What this task involves:
Reproduce, exactly and in full, the lines from the one with "Modré bermudy s" through the one with "三菱ロジスネクスト(株) 品番:RBC7D-70 三菱ロジスネクスト" in the data below; drop pictures.
(Beginning of Provided records)
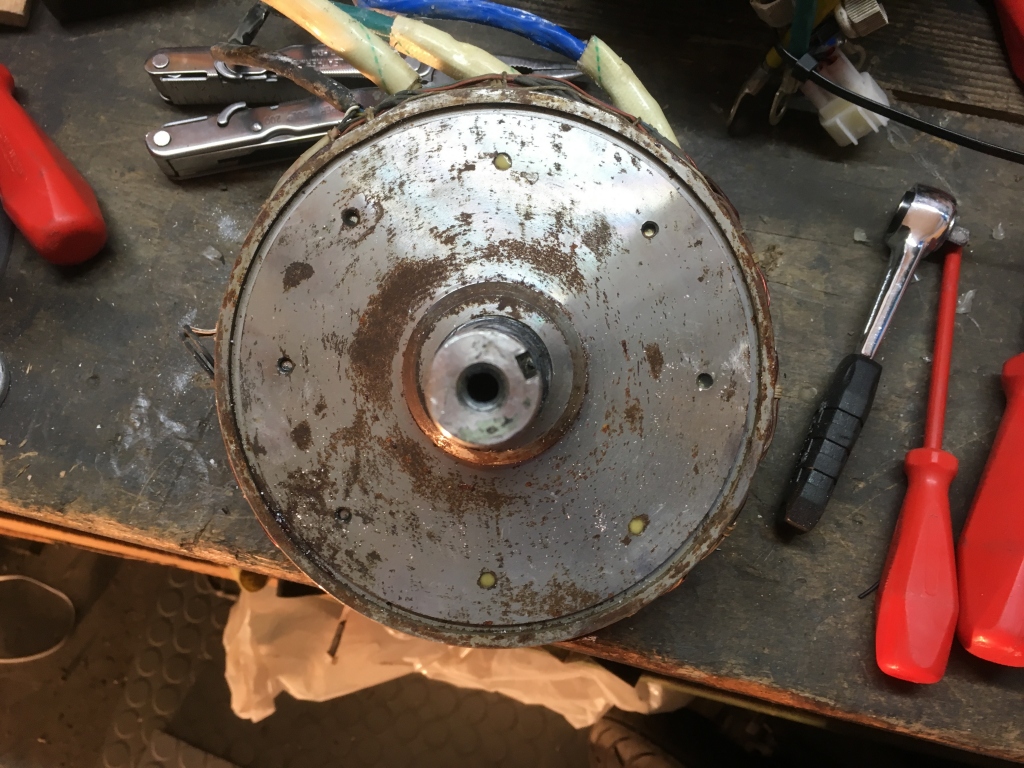 Stator habe ich grob entrostet und wird nach abbinden des neuen Epoxi für die Sensoren mit Klarlack geschützt. Mehr später.
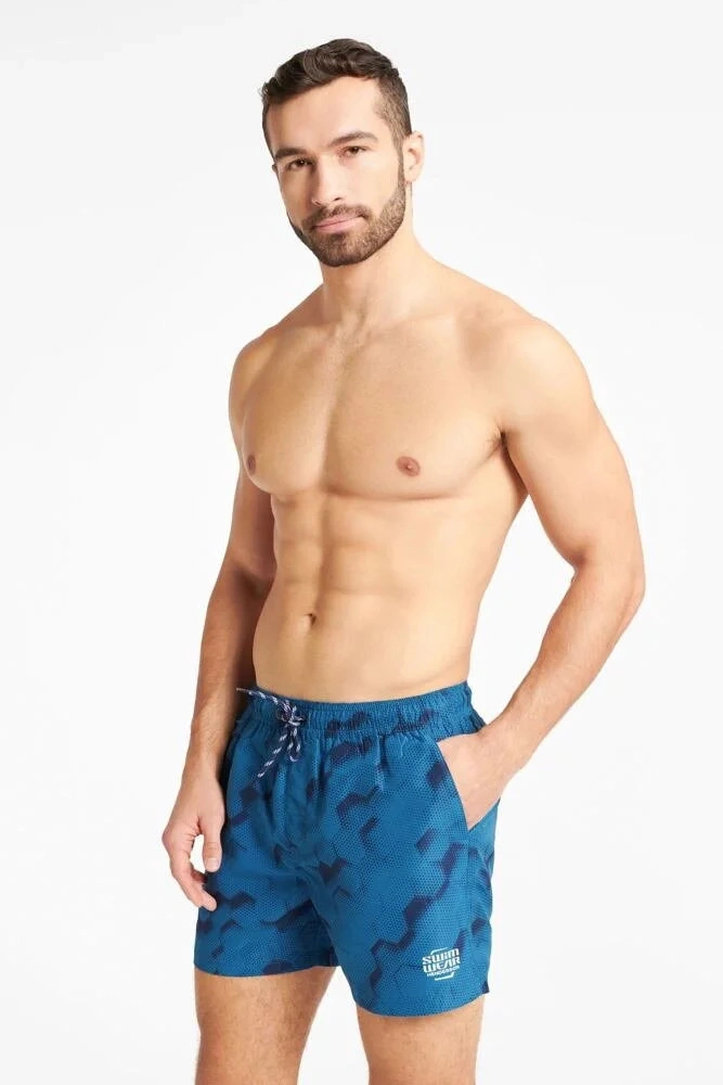 Modré bermudy s tmavomodrým geometrickým vzorom. Vhodné k bazénu aj na pláž. Vnútri všitá sieťovina pre pohodlné nosenie. Vrecká tiež zo sieťoviny.100 % polyester
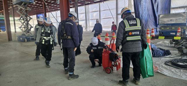 홍천소방서(서장:이강우)는 25일 남면 삼성메디슨 홍천공장 건설현장에서 안전 교육을 실시했다. 이날 소방서 관계자 5명과 군청 관계자 1명이 참석해 합동으로 임시소방시설 설치·관리 실태를 점검하고, 용접·용단 작업 시 화재예방수칙 등 주요 위험요인을 안내했다.
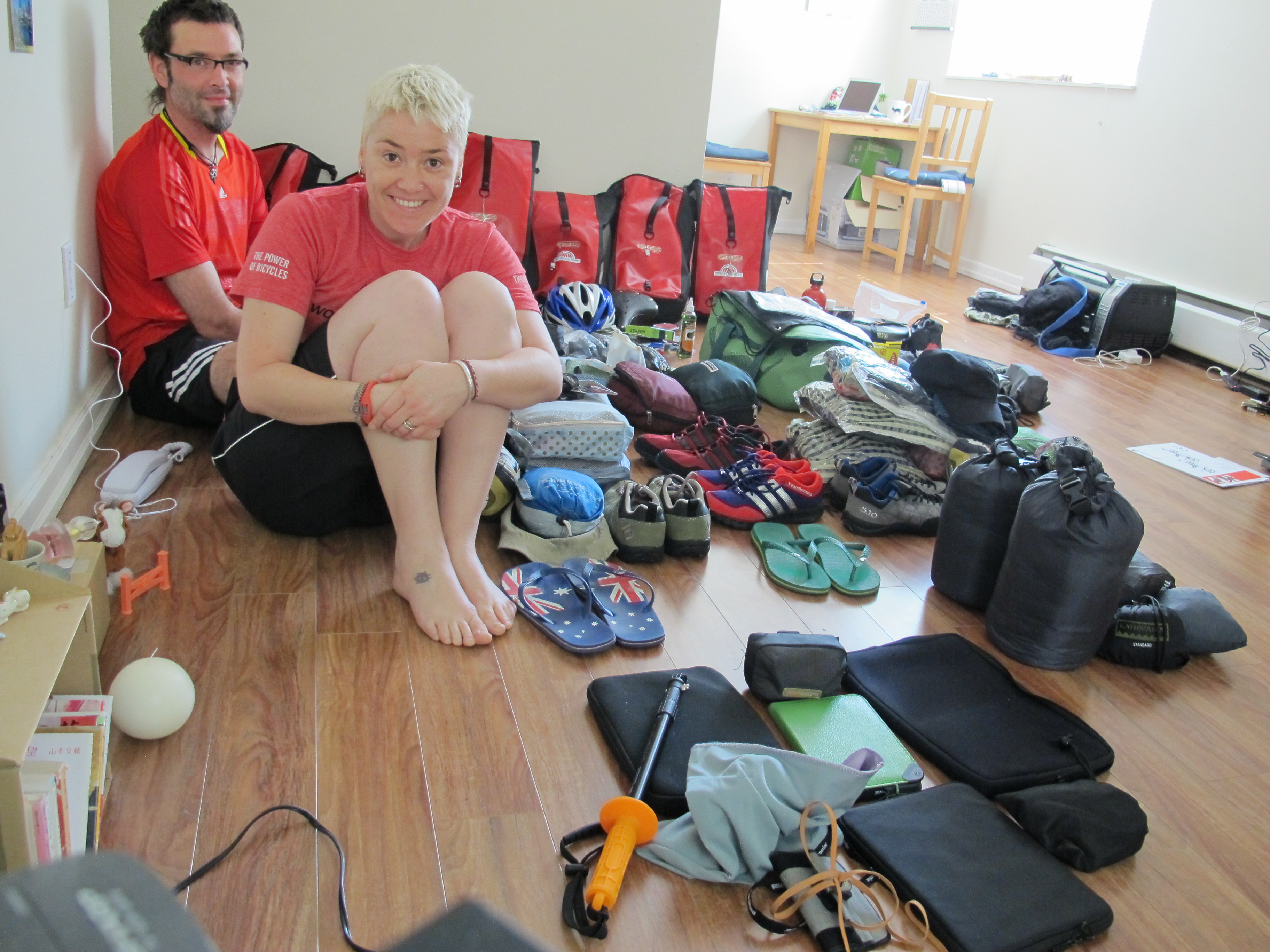 By Emma: What a TotallyHectic few days it has been! Arriving in Van on Monday, we have not stopped gathering! We have almost all of our gear now, with just a few small extra bits to locate along the way, and have found a place for everything in the panniers. What a mission! We have spent the last 2 days test riding the beast and are seriously loving ourselves sick. She is such a sweet sweet ride! I have sore cheeks from constant smiling and can’t imagine ever not loving this gig. Although when I relayed that sentiment to Bren, he suggested I may not feel the same cycling uphill into a head wind in the rain. Hmm……
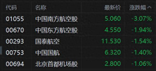 港股航空股大齐下落,其中,中国南边航空跌超3%甲级职业联赛,中国东方航空跌2%,国泰航空、中国国航跌1.5%。
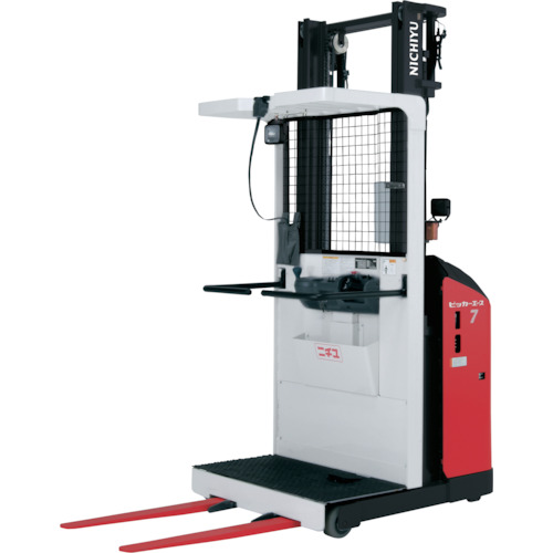 三菱ロジスネクスト(株) 品番:RBC7D-70 三菱ロジスネクスト ピッキングリフト ピッカーエース(ドライブフロントタイプ) 特長高層ラックにおけるピッキング作業に効果を発揮するピッキングリフトです。運転操作部分が荷台とともに昇降するため、ラックから直接ピッキング作業を行う事が可能です。様々なウェアハウス物流現場でのピッキングに合わせて、作業性のよいドライブフロントタイプ・運転性のよいフォ
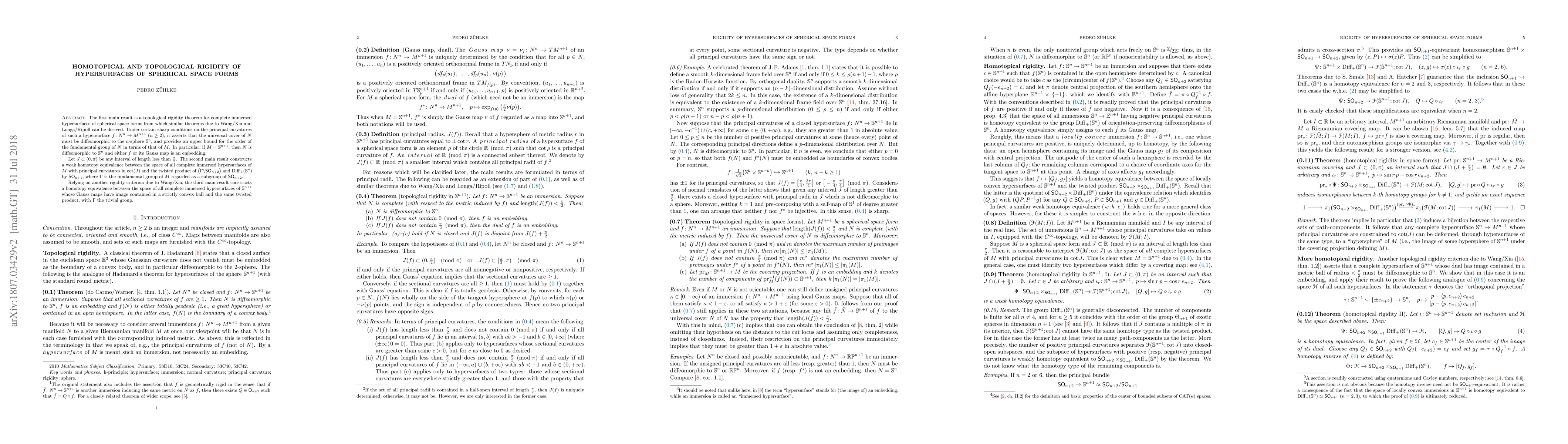The first main result is a topological rigidity theorem for complete immersed hypersurfaces of spherical space forms which extends similar results due to do Carmo/Warner, Wang/Xia and Longa/Ripoll. Under certain sharp conditions on the principal curvatures of such a hypersurface $ f \colon N^n \to M^{n+1} $ $( n\ge 2 )$, it asserts that the universal cover of $ N $ must be diffeomorphic to the $ n $-sphere $ {S}^n $, and provides an upper bound for the order of the fundamental group of $ N $ in terms of that of $ M $. In particular, if $ M = {S}^{n+1} $, then $ N $ is diffeomorphic to $ {S}^n $ and either $ f $ or its Gauss map is an embedding. Let $ J \subset (0,\pi) $ be any interval of length less than $ \frac{\pi}{2} $. The second main result constructs a weak homotopy equivalence between the space of all complete immersed hypersurfaces of $ M $ with principal curvatures in $ \cot (J) $ and the twisted product of $ \big( \Gamma\backslash \mathrm{SO}_{n+2} \big) $ and $ \mathrm{Diff}_+({S}^n) $ by $ \mathrm{SO}_{n+1} $, where $ \Gamma $ is the fundamental group of $ M $ regarded as a subgroup of $ \mathrm{SO}_{n+2} $. Relying on another rigidity criterion due to Wang/Xia, the third main result constructs a homotopy equivalence between the space of all complete immersed hypersurfaces of $ S^{n+1} $ whose Gauss maps have image contained in a strictly convex ball and the same twisted product, with $ \Gamma $ the trivial group.
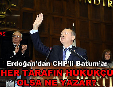 Başbakan Recep Tayyip Erdoğan, KKTC’de son dönemde gelişen Türkiye karşıtı eylemlerle ilgili olarak, “Olay Rumların ekmeğine yağ sürmüştür” dedi. Erdoğan bu konuda yaptığı açıklamaları eleştiren muhalefete de sert çıktı; “Hiçkimse KKTC üzerinden istismar yapmasın” diye konuştu. Başbakan TSK ile ilgili sözleri tartışma yaratan CHP’li Süheyl Batum için de “Her tarafı anayasa hukukçusu olsa ne yazar?” dedi, savcıları göreve çağırdı.
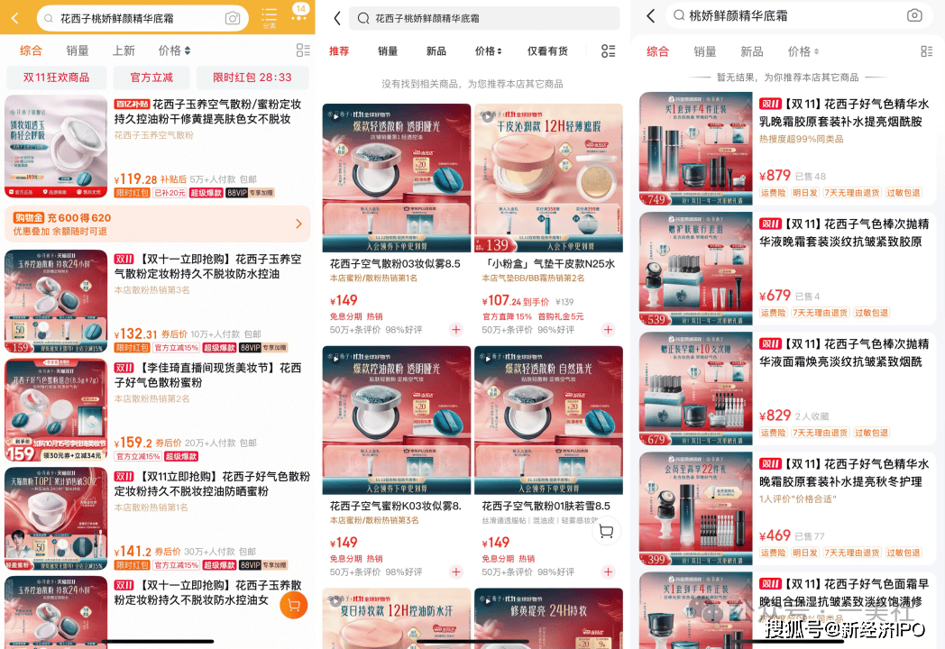 一美社发现,截至10月24日,花西子桃娇鲜颜精华底霜已从各大电商平台下架。在天猫旗舰店、京东自营旗舰店和抖音旗舰店等官方渠道均已搜索不到该产品。
(End of Provided records)
Response box:
 Modré bermudy s tmavomodrým geometrickým vzorom. Vhodné k bazénu aj na pláž. Vnútri všitá sieťovina pre pohodlné nosenie. Vrecká tiež zo sieťoviny.100 % polyester
 홍천소방서(서장:이강우)는 25일 남면 삼성메디슨 홍천공장 건설현장에서 안전 교육을 실시했다. 이날 소방서 관계자 5명과 군청 관계자 1명이 참석해 합동으로 임시소방시설 설치·관리 실태를 점검하고, 용접·용단 작업 시 화재예방수칙 등 주요 위험요인을 안내했다.
 By Emma: What a TotallyHectic few days it has been! Arriving in Van on Monday, we have not stopped gathering! We have almost all of our gear now, with just a few small extra bits to locate along the way, and have found a place for everything in the panniers. What a mission! We have spent the last 2 days test riding the beast and are seriously loving ourselves sick. She is such a sweet sweet ride! I have sore cheeks from constant smiling and can’t imagine ever not loving this gig. Although when I relayed that sentiment to Bren, he suggested I may not feel the same cycling uphill into a head wind in the rain. Hmm……
 港股航空股大齐下落,其中,中国南边航空跌超3%甲级职业联赛,中国东方航空跌2%,国泰航空、中国国航跌1.5%。
 三菱ロジスネクスト(株) 品番:RBC7D-70 三菱ロジスネクスト ピッキングリフト ピッカーエース(ドライブフロントタイプ) 特長高層ラックにおけるピッキング作業に効果を発揮するピッキングリフトです。運転操作部分が荷台とともに昇降するため、ラックから直接ピッキング作業を行う事が可能です。様々なウェアハウス物流現場でのピッキングに合わせて、作業性のよいドライブフロントタイプ・運転性のよいフォ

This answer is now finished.